**What you are asked to do:**
Collect every line in the records below that contains the word "donde".

**Data supplied:**
"""
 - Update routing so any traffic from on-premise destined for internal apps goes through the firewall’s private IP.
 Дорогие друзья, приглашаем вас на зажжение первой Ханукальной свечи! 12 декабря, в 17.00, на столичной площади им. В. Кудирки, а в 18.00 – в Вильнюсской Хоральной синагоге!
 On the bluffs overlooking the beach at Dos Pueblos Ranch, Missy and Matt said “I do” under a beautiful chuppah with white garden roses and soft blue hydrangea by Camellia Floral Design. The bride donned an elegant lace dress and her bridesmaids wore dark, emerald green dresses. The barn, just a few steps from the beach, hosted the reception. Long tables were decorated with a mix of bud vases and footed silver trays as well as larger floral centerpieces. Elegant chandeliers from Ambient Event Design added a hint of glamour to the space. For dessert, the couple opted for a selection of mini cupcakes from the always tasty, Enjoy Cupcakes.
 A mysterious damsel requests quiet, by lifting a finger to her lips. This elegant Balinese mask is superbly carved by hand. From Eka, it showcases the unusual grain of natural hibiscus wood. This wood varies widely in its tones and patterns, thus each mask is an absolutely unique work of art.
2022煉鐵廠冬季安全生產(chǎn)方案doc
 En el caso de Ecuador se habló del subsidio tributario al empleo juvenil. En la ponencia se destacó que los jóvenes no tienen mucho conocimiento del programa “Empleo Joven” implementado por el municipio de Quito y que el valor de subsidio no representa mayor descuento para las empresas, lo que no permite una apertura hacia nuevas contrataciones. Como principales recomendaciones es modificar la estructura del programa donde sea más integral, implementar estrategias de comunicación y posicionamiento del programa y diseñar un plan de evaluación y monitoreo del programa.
"""
"""
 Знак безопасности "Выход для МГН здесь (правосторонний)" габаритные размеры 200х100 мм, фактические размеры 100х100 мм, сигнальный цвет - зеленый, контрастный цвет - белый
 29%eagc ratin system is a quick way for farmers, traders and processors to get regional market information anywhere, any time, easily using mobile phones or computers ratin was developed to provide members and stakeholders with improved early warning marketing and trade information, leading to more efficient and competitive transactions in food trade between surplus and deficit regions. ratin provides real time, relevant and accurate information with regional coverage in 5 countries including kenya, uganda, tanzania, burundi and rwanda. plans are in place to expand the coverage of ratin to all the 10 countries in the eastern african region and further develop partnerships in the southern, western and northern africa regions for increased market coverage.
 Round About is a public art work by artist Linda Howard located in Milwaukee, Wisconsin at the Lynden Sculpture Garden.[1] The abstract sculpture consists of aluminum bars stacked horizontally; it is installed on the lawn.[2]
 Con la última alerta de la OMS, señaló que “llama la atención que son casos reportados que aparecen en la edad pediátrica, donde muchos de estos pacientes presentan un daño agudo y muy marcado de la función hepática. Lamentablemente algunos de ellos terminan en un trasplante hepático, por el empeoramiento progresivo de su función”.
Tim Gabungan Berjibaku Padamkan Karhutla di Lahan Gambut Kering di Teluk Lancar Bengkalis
"""
"""
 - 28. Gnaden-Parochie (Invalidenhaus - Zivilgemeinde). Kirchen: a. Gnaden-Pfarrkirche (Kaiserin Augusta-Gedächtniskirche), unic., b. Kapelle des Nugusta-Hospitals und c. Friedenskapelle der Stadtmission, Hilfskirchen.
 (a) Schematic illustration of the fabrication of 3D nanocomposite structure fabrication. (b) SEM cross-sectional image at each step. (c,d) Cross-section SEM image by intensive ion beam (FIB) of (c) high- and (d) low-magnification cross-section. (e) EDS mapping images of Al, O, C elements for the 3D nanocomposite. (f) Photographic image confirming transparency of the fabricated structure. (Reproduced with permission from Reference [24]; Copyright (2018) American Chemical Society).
"""
**Task result:**
 En el caso de Ecuador se habló del subsidio tributario al empleo juvenil. En la ponencia se destacó que los jóvenes no tienen mucho conocimiento del programa “Empleo Joven” implementado por el municipio de Quito y que el valor de subsidio no representa mayor descuento para las empresas, lo que no permite una apertura hacia nuevas contrataciones. Como principales recomendaciones es modificar la estructura del programa donde sea más integral, implementar estrategias de comunicación y posicionamiento del programa y diseñar un plan de evaluación y monitoreo del programa.
 Con la última alerta de la OMS, señaló que “llama la atención que son casos reportados que aparecen en la edad pediátrica, donde muchos de estos pacientes presentan un daño agudo y muy marcado de la función hepática. Lamentablemente algunos de ellos terminan en un trasplante hepático, por el empeoramiento progresivo de su función”.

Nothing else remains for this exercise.